Яблоки падали для всех и только Ньютон заметил в их падении неизвестное. Открыл новый для всех Закон Всемирного Тяготения.
Чтобы не любить, надо знать, а чтобы знать, надо научиться любви к неведомому.
Любя жизнь, любишь неведомое...
А еще, чтобы не пройти мимо нового, надо суметь поверить, что и в примелькавшемся ты чего-то прежде не знал.
Снег... Музыка... Необходимость...
Пользуясь вашей терминологией, необходимость это - партитура свободы.
Я много раз повторял и, сдавая экзамен по философии на отлично, верил, что понимаю определение свободы как «осознанной необходимости». А открыл сущность этой формулы в ее практическом значении для себя, заметил её как прежде незнакомую мне только в беседах с моими пациентами уже будучи врачом.
Я тогда обратил внимание на то, что пациенты психотерапевта постоянно обижены и сетуют на те обстоятельства и на те свои свойства, к о т о р ы е не могут быть другими.
Если говорить крайностями, то женщины были обижены, что не родились мужчинами. Люди «возвышенные» - опечалены низменной обязанностью «плотских отношений между полами». А «тонкие души» - вообще оскорблены необходимостью пить, есть и посещать сортир.
Только беседуя с внутренне неустроенными людьми, и совершенно неожиданно для себя, я вдруг понял: ни в чем, на что сетовали эти обиженные взрослые, нет несвободы, потому что нет никакой возможности выбора - иначе просто не бывает!
Осознавая и осваивая необходимость чего-либо, перестаешь дразнить себя выбором там, где его нет. Принимаешь это что-либо как непременное - как необходимость дышать. Становишься свободным не набрасываться на стену, свободным в границах этой необходимости.
Нас не возмущает разнообразие деревьев. Но мы нередко сетуем на то, что меж людей возможны иные мерки, кроме наших, иные взгляды на то, что должно и не должно, что возможны иные представления о справедливом. И мы возмущаемся «несправедливостью» отношения к нам.
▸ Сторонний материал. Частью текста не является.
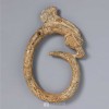 此件玉龙体型硕大,通体光素,鼻部及唇部前突,龙眼凸起呈菱形,前面圆,眼尾细长上翘。颈上有长鬓,尾部尖收而内上卷,体弯似钩,颇似英文字母C。嘴部与尾部相连,造型奇特。身体上刻人形图案,刻纹虽简单却栩栩如生,自然老化痕迹明显。龙身体中间有打一个对孔,可见其自然打磨痕迹,表面有自然沁色。
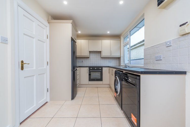 With tiled flooring, built-in ground and eye level units, plumbed, gas hob, stainless steel sink, tiled surround, extractor, recess lighting. |
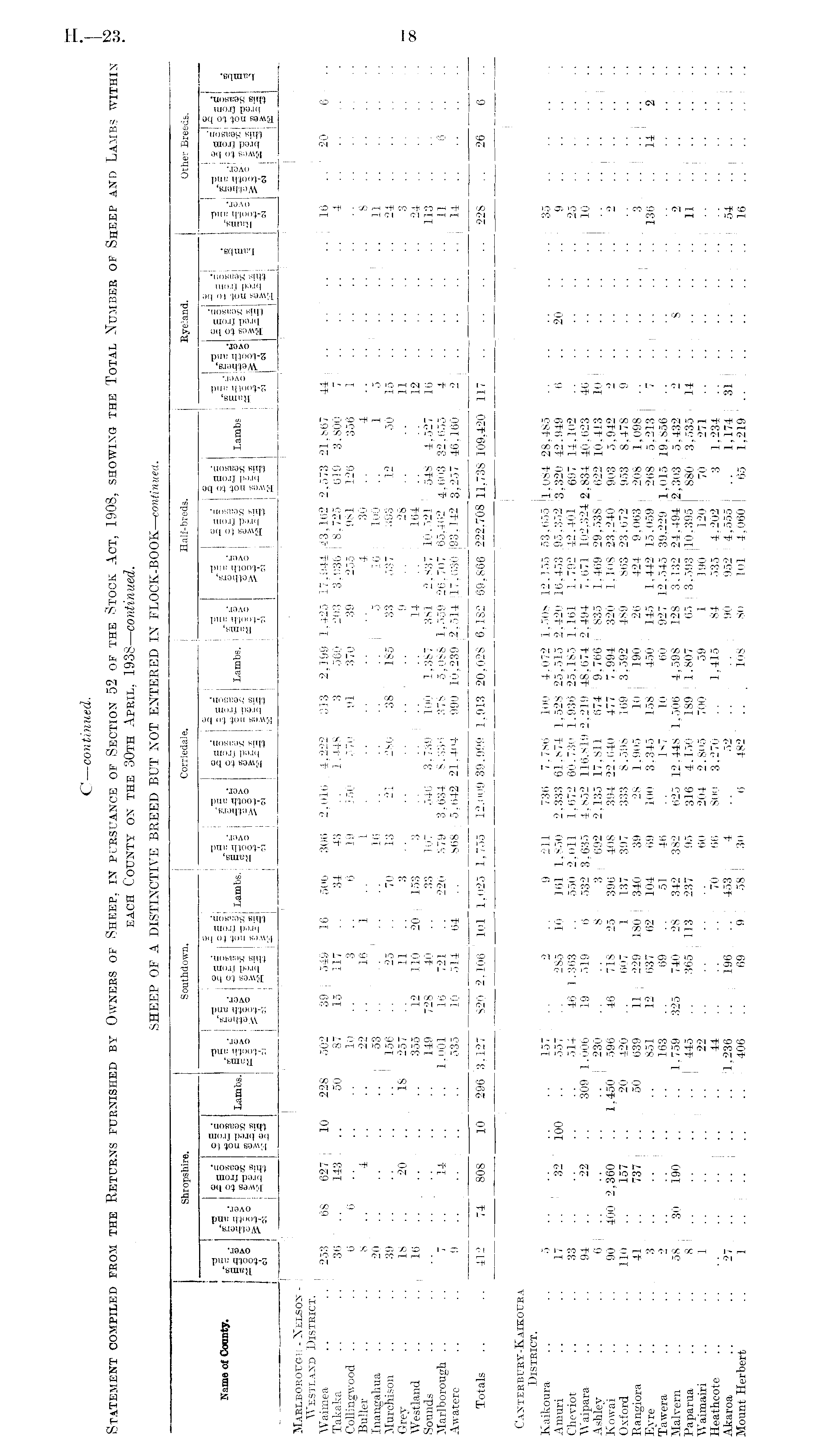 C— continued. Statement compiled from the Returns furnished by Owners of Sheep, in pursuance of Section 52 of the Stock Act, 1908, showing the Total Number of Sheep and Lambs within each County on the 30th April, 1938— continued. SHEEP OF A DISTINCTIVE BREED BUT NOT ENTERED IN FLOCK-BOOK— continued.
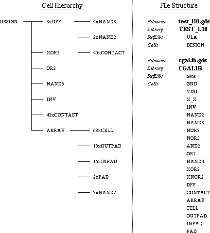 All Gate Array designs use reference libraries. The design file itself will contain a minimum number of cells (typically one), most cells are contained in the reference library. Appendix II shows the cell hierarchy of the sample design together with the file structure in which the design is stored.
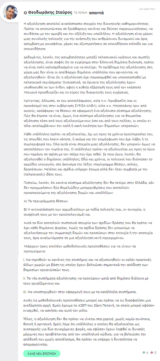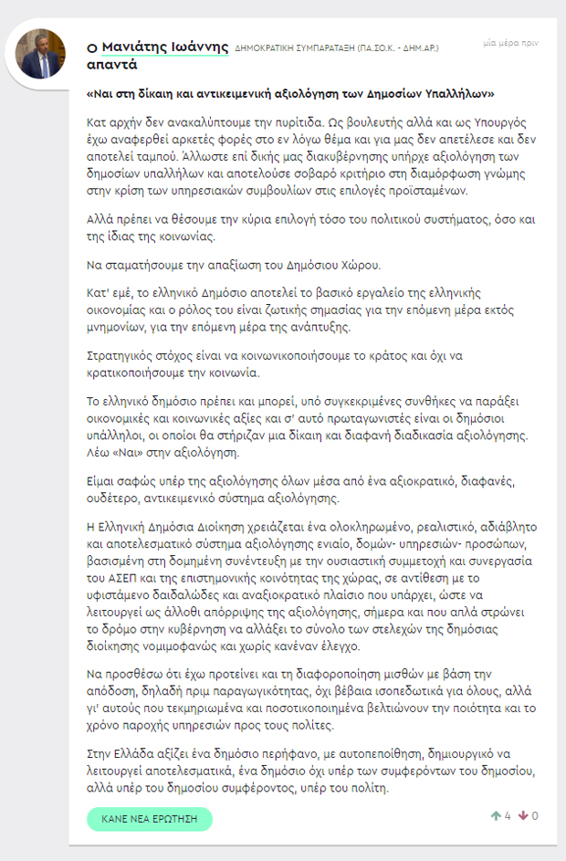 Η ερώτηση που έκανε ο Λευτέρης Αντωνόπουλος ήταν: «Ποια είναι η θέση σας για την αξιολόγηση των δημοσίων υπαλλήλων; Έχετε να προτείνετε κάτι διαφορετικό από το τωρινό πλαίσιο;».
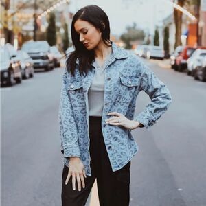With a stylish leopard print and a modern relaxed fit, this isn't your average denim jacket! Jacket is complete with silver buttons down the front and a length that pairs well with various outifts. 100% cotton.
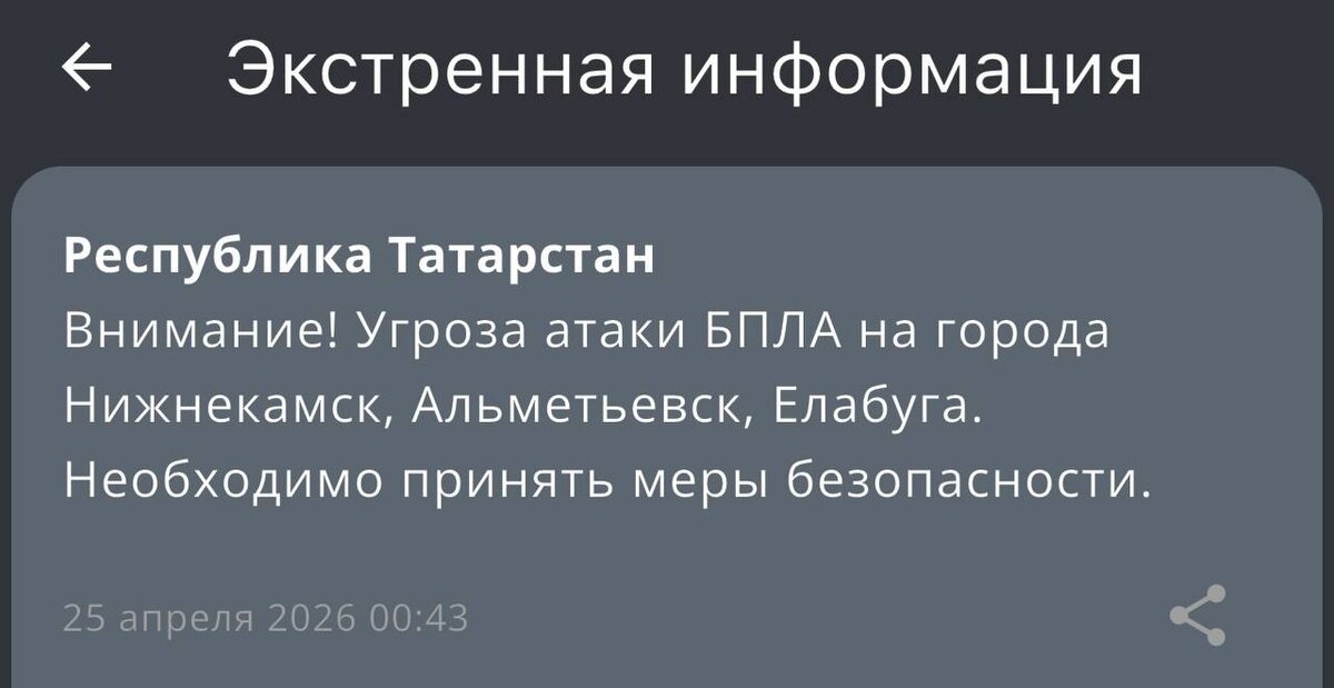 МЧС объявило об угрозе атаки БПЛА на города Нижнекамск, Альметьевск и Елабуга.
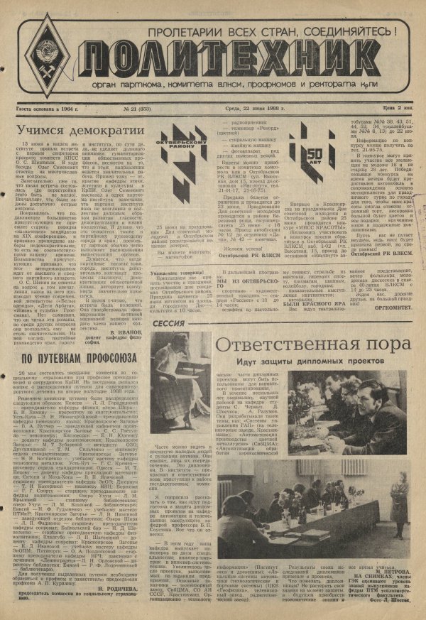 Политехник : газета/ Краснояр. политех. ин-т. - Красноярск : КГТУ, 1964 - - 2006 1988г. N 21 (853) (22 июня) http://lib3.sfu-kras.ru/ft/LIB2/ELIB_DC/SFUPRSV/sfupol/1988/1988_06_22_0853.pdf Держатели документа: Государственная универсальная научная библиотека Красноярского края

В общении со страдающими людьми я обнаружил, что, когда мы открываем, что это множество мнений и вытекающих из них поступков - непременное следствие разнообразия живых заинтересованностей разных людей... когда открываем, что оно — естественно и не может не существовать... когда мы осваиваем необходимость всеобщего несогласия с нами, тогда у нас сразу и навсегда исчезает застилающая взгляд о б и д а, а иногда и раздражение.
Мы принимаем мир людей таким, какой он есть до нашего прихода. Можем тогда изучать его, узнавать и, пользуясь знанием, в пределах необходимого (оно всегда соответствует возможному) пытаться и, действительно, строить наш мир.
Я обнаружил, что, только признав эту необходимость разнообразия заинтересованностей, мы научаемся не возмущаться чужим мнением, а уважать его. При этом непременно иметь и также уважать свое. Тогда, и не соглашаясь с чужим, мы научаемся тоже не возмущаться, а отстаивать наше.
Тогда мы перестаем обижаться и на то, что другие утверждают свое мнение, что они не благодарят нас, когда мы побиваем их и отнимаем у них возможности утвердиться. Мы перестаем дуться на то, что и сами они тоже бьют и отнимают желаемые возможности у нас.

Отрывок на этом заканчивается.